Diversity Metrics¶
This tutorial covers measuring repertoire diversity using LZGraphs' novel metrics.
Overview¶
LZGraphs provides several approaches to quantify repertoire diversity:
| Metric | What it Measures | Use Case |
|---|---|---|
| K1000 | Unique patterns in 1000 sequences | Overall diversity |
| LZCentrality | Sequence position in repertoire | Sequence rarity |
| Entropy | Information content | Graph complexity |
| Perplexity | Prediction uncertainty | Model quality |
K-Diversity Metrics¶
K-diversity measures how many unique LZ76 patterns appear when sampling K sequences.
K1000 Diversity¶
The most common diversity measure:
from LZGraphs import K1000_Diversity, AAPLZGraph
import pandas as pd
# Load data
data = pd.read_csv("Examples/ExampleData1.csv")

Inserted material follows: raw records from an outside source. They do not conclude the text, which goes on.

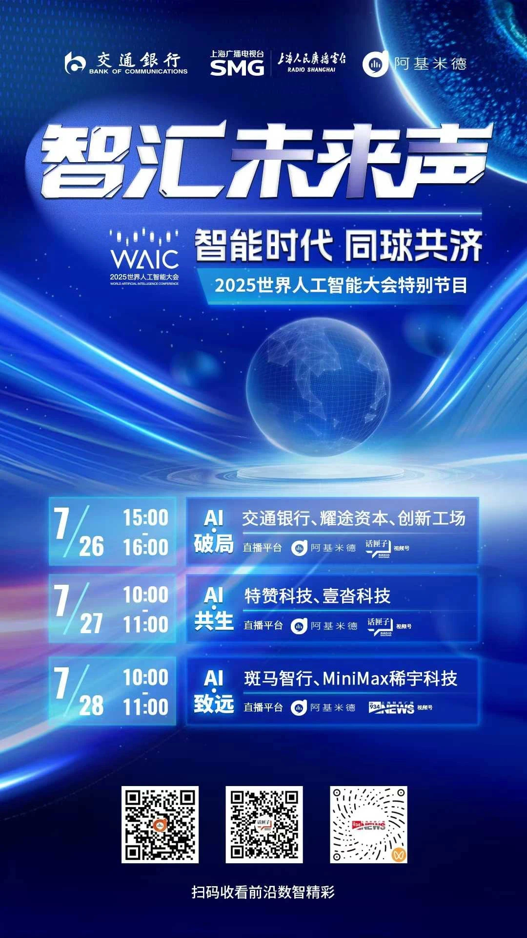 第一财经作为2025世界人工智能大会战略合作媒体,全程提供高质量的工作支持与服务保障,负责大会开、闭幕式运营管理、策划及落地执行等,承办大会主论坛、人工智能精英夜话及AI+医健产业可持续创新论坛,同时承制“3×24小时全程大放送”。
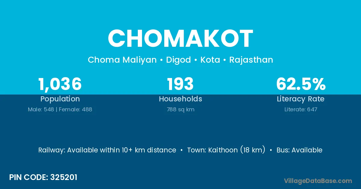 According to Census 2011 information, the village code of Chomakot village is 325201.
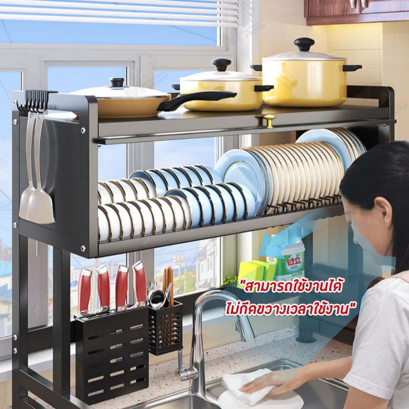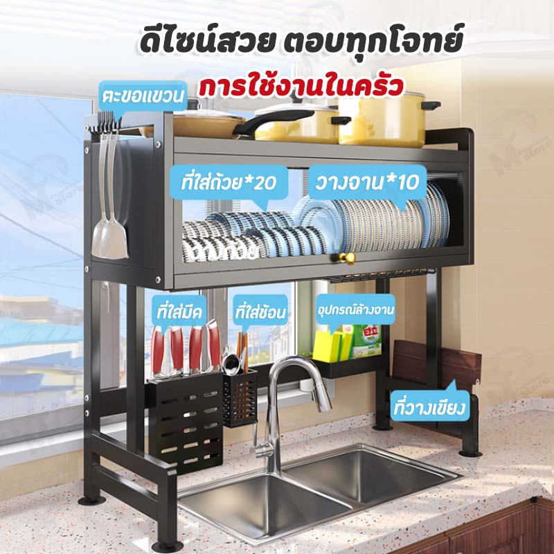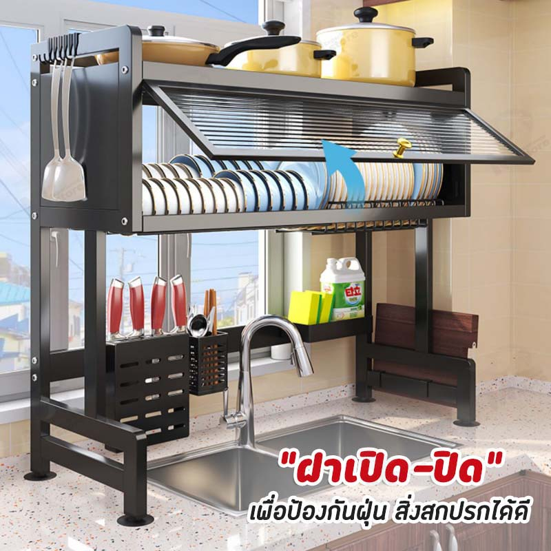 [ตู้เก็บจานมีฝาปิด] ชั้นวางของในครัวแบบ คร่อมอ่างล้างจาน มีช่องใส่ช้อนส้อม+มีด มีฝาป้องกันฝุ่นละออง TB0

sequences = data['cdr3_amino_acid'].tolist()
# Calculate K1000
k1000 = K1000_Diversity(
sequences,
encoding_function=AAPLZGraph.encode_sequence,
draws=30 # Number of resampling rounds
)
print(f"K1000 Diversity: {k1000:.1f}")
Interpretation
Higher K1000 values indicate more diverse repertoires. A repertoire with many unique patterns will have a higher K1000 than one dominated by repeated motifs.
Other K-Diversity Variants¶
from LZGraphs import K100_Diversity, K500_Diversity, K5000_Diversity
# For smaller repertoires
k100 = K100_Diversity(sequences, AAPLZGraph.encode_sequence)
# For larger repertoires
k5000 = K5000_Diversity(sequences, AAPLZGraph.encode_sequence)

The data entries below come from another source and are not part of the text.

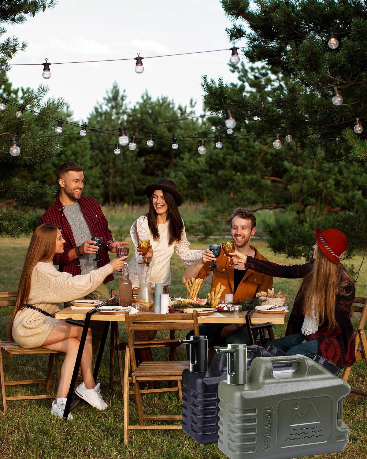 UPWOIGH 5 Gallon Water Jug with Automatic Touch Control Pump (1 Pump Included), Truly Leak-Proof BPA-Free Water Container with Spigot, Type-C Rechargeable Military Green Water Pump for Camping Hiking
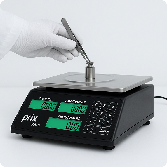 Calibração com pesos padrões rastreados pelo Inmetro e IPEM e conformidade com a legislação.
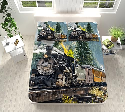 Drap Housse 160x200 cm, Train à Vapeur RéTro Parure de Lit Microfibre BrosséE Douce espirant Résistant Rides Drap Housse Matelas Enfants Protection de Matelas 30cm avec Taies d'oreiller x2

print(f"K100: {k100:.1f}")
print(f"K5000: {k5000:.1f}")
Adaptive K-Diversity¶
Automatically select K based on repertoire size:
from LZGraphs import adaptive_K_Diversity
k_adaptive = adaptive_K_Diversity(sequences, AAPLZGraph.encode_sequence)
print(f"Adaptive K-Diversity: {k_adaptive:.1f}")
K-Diversity with Statistics¶
Get confidence intervals:
from LZGraphs import K_Diversity
result = K_Diversity(
sequences,
encoding_function=AAPLZGraph.encode_sequence,
sample_size=1000,
draws=100,
return_stats=True
)
print(f"Mean: {result['mean']:.1f}")
print(f"Std: {result['std']:.2f}")
print(f"CI: [{result['ci_low']:.1f}, {result['ci_high']:.1f}]")
LZCentrality¶
LZCentrality measures how central a sequence is within the repertoire structure.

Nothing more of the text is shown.